Südtirols Wohnbevölkerung zählte im ersten Quartal 531.341 Personen, das sind 163 mehr als im vorhergegangenen, erklären die Experten des Astat.

Laut dem Landesinstitut für Statistik wurden bis März 4715 Menschen in die Melderegister der Südtiroler Gemeinden eingetragen, 19,7 Prozent davon stammen aus dem Ausland. 4538 Bürger wurden gestrichen, 22,8 Prozent davon zog es ins Ausland. Somit verzeichnet Südtirol einen Wanderungszuwachs von 177 Personen in 3 Monaten.
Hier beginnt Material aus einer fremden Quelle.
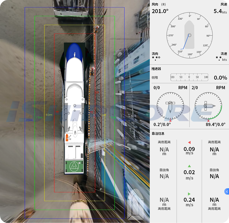 可实时计算船艏、船舯、船艉与码头的距离与靠拢角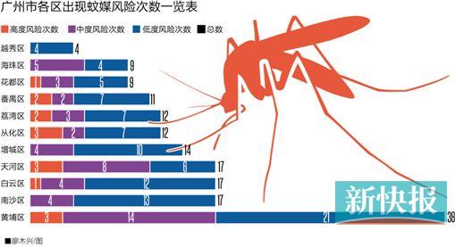 那么,市民因被蚊子叮咬而患病的风险到底有多高呢?新快报记者了解到,此前针对同样由蚊子传播的登革热,广州市疾控中心每周都会通报各区蚊媒密度较高的街镇名单,而记者近日对广州市疾控中心公布于官网的蚊媒密度监测结果进行统计,发现黄埔区的街镇被点名次数最多,合计达38次,而最少的越秀区只有4次。

Mehr Paare geben sich das Jawort

Die Tendenz der Geburtenrate ist absteigend, waren es im ersten Quartal 2018 noch 1269, erblickten bis März 2019 insgesamt 1214 Babys das Licht der Welt. Mit 1230 Todesopfern gab es mehr Tote als Lebendgeborene zu verzeichnen.

292 Paare entschlossen sich in den ersten 3 Monaten des Jahres den Bund der Ehe einzugehen, nur 17 davon heirateten kirchlich. Im Vergleich zum ersten Quartal 2018 gab es 100 Eheschließungen mehr, davon trauten sich nur 7 Paare mehr als im Vorjahr in der Kirche.